Modelling test scores

Hi all, firstly thank you all for your hard work on Stan and your contribution to Bayesian inference. I’m just getting started myself, and I am trying to understand the constraints of what I can and can’t do.

Suppose we have a situation where a school gives one student ten different tests, each on completely different subjects. Each test gets a percentage score between 0.0 and 1.0. The tests are known to be very hard, so we expect the score distribution across all of these tests to be right-tailed.

In taking obscene liberties following this guide https://vioshyvo.github.io/Bayesian_inference/hierarchical-models.html, I wanted to see if I can simulate the Bayesian posterior by treating each test’s variance as unknown, but with an uninformative half-Cauchy distribution that (under my understanding) basically says “the score will move, but not much”.

My goal is to generate Bayesian MCMC draws from those modeling parameters and for each draw be able to know the simulated test results for test1, test2, test3, etc (i.e. generate a vector of scores that index 1 scores correspond to test 1, idx 2 -> test2 etc). Unfortunately, when I attempt to do this I get heaps of warnings.

Using the toy data / input:

school <- list(J = 10, y = c(0.0, 0.7, 0.25, 0.3, 0.7, 0.4, 0.1, 0.15, 0.3, 0.35))
fit <- stan('schools2.stan', data = school, iter = 1e4, chains = 4, control = list(adapt_delta = 0.9999))

Where schools2.stan is:

data {
  int<lower=0> J;
  real y[J];
}

parameters {
  real mu;
  real<lower=0> tau;
  real<lower=0> dvar[J];
  real<lower=0, upper=1> theta[J];
}

model {
  tau ~ cauchy(0,0.2);
  dvar ~ cauchy(0,0.2);
  theta ~ normal(mu, dvar);
  y ~ normal(theta, tau);
}

> check_hmc_diagnostics(fit)

Divergences:
215 of 20000 iterations ended with a divergence (1.075%).
Try increasing 'adapt_delta' to remove the divergences.

Tree depth:
5219 of 20000 iterations saturated the maximum tree depth of 10 (26.095%).
Try increasing 'max_treedepth' to avoid saturation.

Energy:
E-BFMI indicated no pathological behavior.

If I ditch the horse because I can’t mount the saddle and try to just use something else like brms, I still get heaps (532) of divergent transitions:

d <- read.csv("test_data.csv", header=T)
mod <- brm(scores ~ (1 | tests), d, family=skew_normal())

Where test_data.csv corresponds to:

tests,scores
test1,0.0
test2,0.7
test3,0.25
test4,0.3
test5,0.7
test6,0.4
test7,0.1
test8,0.15
test9,0.3
test10,0.35

Am I doing anything obviously wrong?
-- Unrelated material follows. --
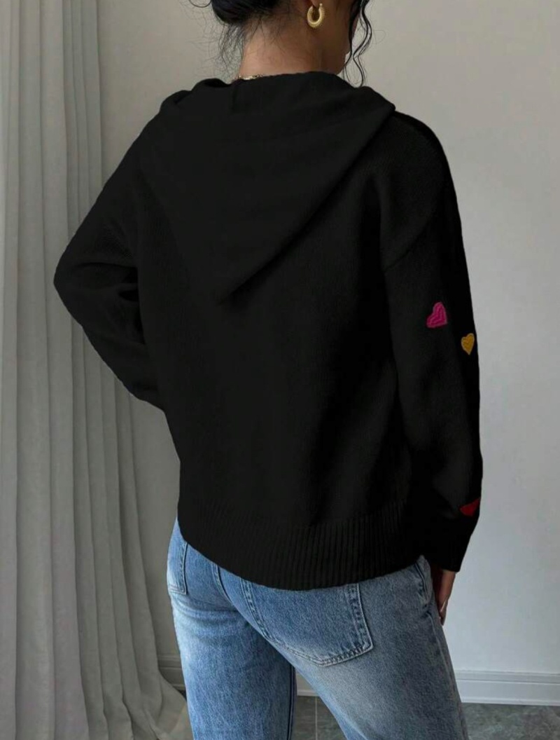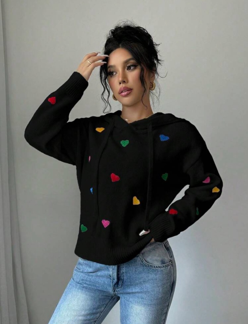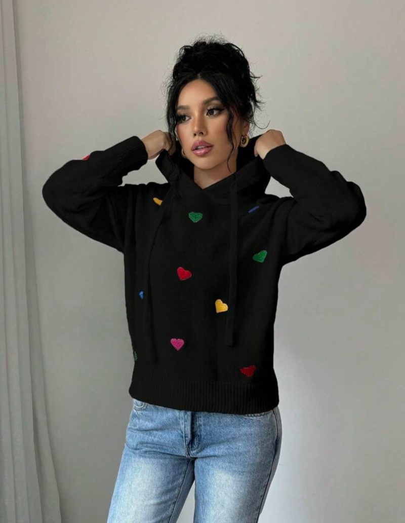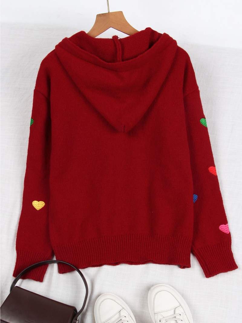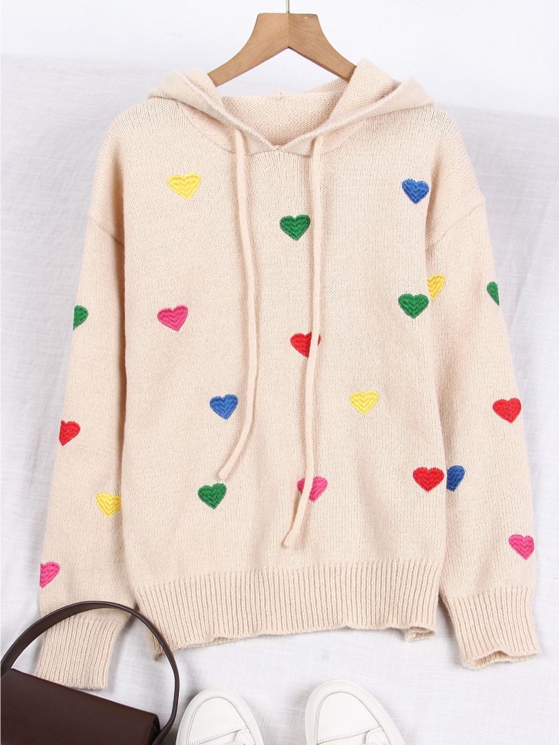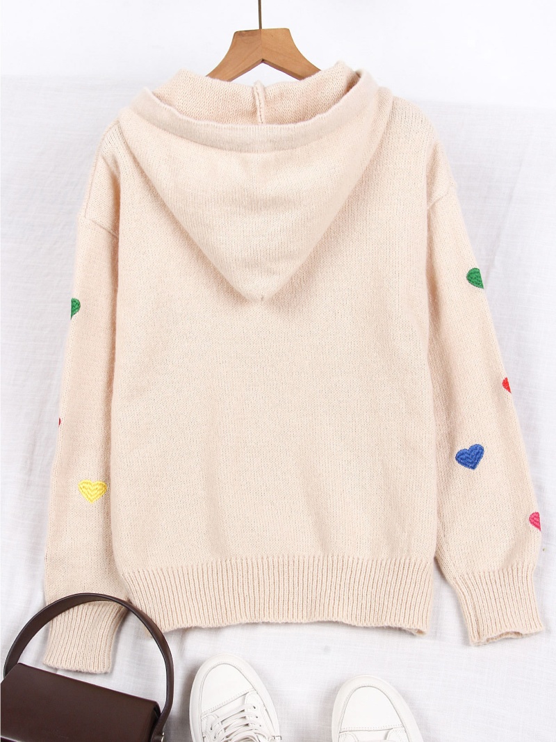 欧美外贸秋冬女款毛衣跨境时尚彩色爱心提花连帽长袖针织衫

Thanks in advance.

Hi,
some pointers:

  • I would prefer using brms for this task - but its your call
  • Since your response are in the [0,1] range inclusive, you might want to use the zero_one_inflated_beta response (beta distribution is good to model response in [0,1] exclusive, but it seems you cannot rule out the boundaries).
  • Alternatively it might be preferable to work with the test items directly as the number of correct answers provides more structure than real percentages. IRT models (https://arxiv.org/abs/1905.09501) may be of interest, but the beta-binomial response might work as well.
  • mu has no prior which might be problematic
  • If working in Stan, look-up “non-centered parametrization”.

I’ve changed the name of the thread to more closely reflect the subject (I think little of the original 8 schools problem remains).

Hope that helps!

1 Like

Very grateful for your response Martin, you’ve given me a lot to think about :)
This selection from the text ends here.